Monday, October 12, 2009

Chicago Office Market Snapshot: Third Quarter 2009


CHICAGO, IL--The following summary is designed to provide a brief overview of the Chicago metro office market during the third quarter of 2009. For more information or to speak with one of the company’s local market experts, please contact Erin Mays at 312.698.6735 or via email at erin.mays@grubb-ellis.com.

REGION

· Nearly 1.3 million square feet of vacant space was added to the Chicagoland market during the third quarter, increasing the total negative net absorption to more than 3.3 million square feet year-to-date and contributing to the region’s 60-basis-point increase in vacancy to 19.6 percent.

· The area currently has more than 2.7 million square feet of new development under construction. However, much of it is the 1.1-million-square-foot 155 N. Wacker and the 1.2-million-square-foot 353 N. Clark in Chicago’s CBD, both delivering in the fourth quarter and both 80- to 85-percent leased.

· Average Class A asking rental rates for the region stayed flat at $29.80 per square foot from $29.79 per square foot in the second quarter.


· With commercial property values continuing to erode, CMBS and traditional bank loan maturities are expected to remain a major concern through 2012.

Analysis:  Most tenants are interested in evaluating their options while it is a tenant’s market. However, inability to make a long-term commitment has caused tenants to either put decisions on hold or sign short-term renewals in order to maintain maximum flexibility. Many well-capitalized landlords are holding out for the market to revive, or alternatively, they are “backloading” deals by offering rental rates that are initially low to help the tenant through the recession, then escalating those rates toward the end of the term to recoup the discount.

CHICAGO CENTRAL BUSINESS DISTRICT

· The vacancy rate in the Chicago CBD office market increased 60 basis points to 15.4 percent from the second quarter.

 (O'Hare Airport, middle right photo)



· The market had overall negative net absorption of 770,000 square feet in the third quarter, bringing the total negative net absorption accumulated year-to-date up to 1.5 million square feet.

· Class A average asking rental rates decreased by $0.02 to $37.13 per square foot for the third quarter.

Analysis: While 155 N. Wacker and 353 N. Clark may be mostly preleased, the older buildings from which tenants are moving don’t have other businesses waiting in the wings to take the space.

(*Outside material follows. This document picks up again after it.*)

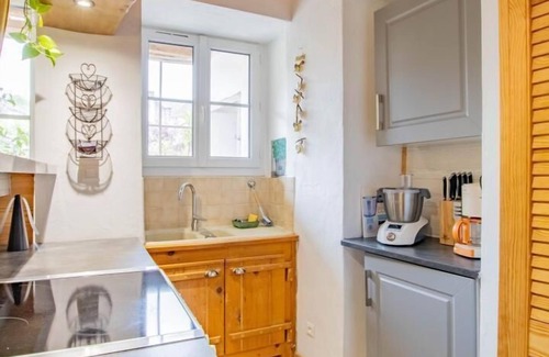 Belgian by origin and Burgundian by adoption, Vinciane & Alain welcome you to an elegant, authentic, characterful winegrower's house from 1870, steeped in history and carefully restored (featuring a traditional "Mâconnaise gallery"), nestled in peace on the edge of a bucolic plateau of meadows nestled under gentle wooded ridges, a stone's throw from the vineyards, on the edge of a peaceful, picturesque little wine-growing village in the upper Mâconnais. Perfectly preserved, nestled in the heart of the preserved Tournugeoise countryside in the hollow of a peaceful valley surrounded by vast wild forest massifs, on the southern slope of the Crâ hill (offering on a clear day an exceptional panoramic view as far as Mont Blanc), within a protected natural area in ZNIEFF & "Natura 2000 Zone" for its rich fauna & flora (to explore on foot or mountain bike), the typical village of Royer benefits from a sublime landscaped setting. Spacious gîte with very good comfort. Lovely country character mixed with a warm wooded mountain atmosphere with a "chalet" spirit. Lots of charm. Cozy & cozy. Pleasant large enclosed courtyard, planted & flowered (to the east) with a double terrace (one sheltered & one "on courtyard" in gravel). Large, shaded, west-facing gravel terrace opening onto a pleasant, enclosed, grassy garden (400m²), planted with trees, and featuring a "herb garden" and a mini orchard (cherry, apple, peach, walnut, pear, fig, etc.) / picking possible. Composition: Gite adjoining the owners' home on a property housing a second gîte (complete independence). Wi-Fi (fiberglass). Electric heating + wood pellet stove. Ground floor: living room-kitchen-lounge, bathroom (bathtub/toilet), separate toilet, veranda. 1st floor: 3 bedrooms (double bed 160x200cm in each), shower room (multi-jet shower), separate toilet. Enclosed courtyard + gravel terrace + sheltered terrace + bicycle storage + private parking. All amenities including supermarkets are 8.5 km away.

This, combined with the existence of more than 4.3 million square feet of sublease space on the market, indicate that things are likely to get worse before they get better.

The downtown real estate market continues to be a tale of two landlords. Well-capitalized landlords are in a position to either wait out the recession or to woo tenants with attractive incentives, including moving allowances and tenant improvement dollars. Highly leveraged landlords, however, are very limited in what incentives they can provide to tenants, and lenders have taken a more active role in these discussions.


(300 N. Riverside Plaza, middle left photo)


SUBURBAN CHICAGO

The vacancy rate crept to 24.3 percent overall, an increase of 40 basis points from the previous quarter.

The market saw more than 500,000 square feet in negative net absorption during the quarter, bringing the total for the year to 1.8 million square feet of negative net absorption.

A modest 430,000 square feet is currently under construction in the I-88 East, I-88 West, North and O’Hare submarkets. The Northwest submarket, which has the highest vacancy of the region at 29.3 percent, currently has no new construction underway.

Average Class A asking rental rates in the Chicago suburbs stood at $24.19 per square foot, an increase of $0.09 from the previous quarter.

Analysis:  Commercial real estate fundamentals continued to soften in the Chicago suburbs as vacancy increased and negative absorption mounted. However, these losses have slowed compared with previous quarters, potentially signaling that the suburbs may emerge from the recession before Chicago’s CBD. The construction pipeline has begun to dry up while the CBD awaits 2.3 million square feet of new construction deliveries, and the suburbs posted less negative absorption this quarter than did the CBD.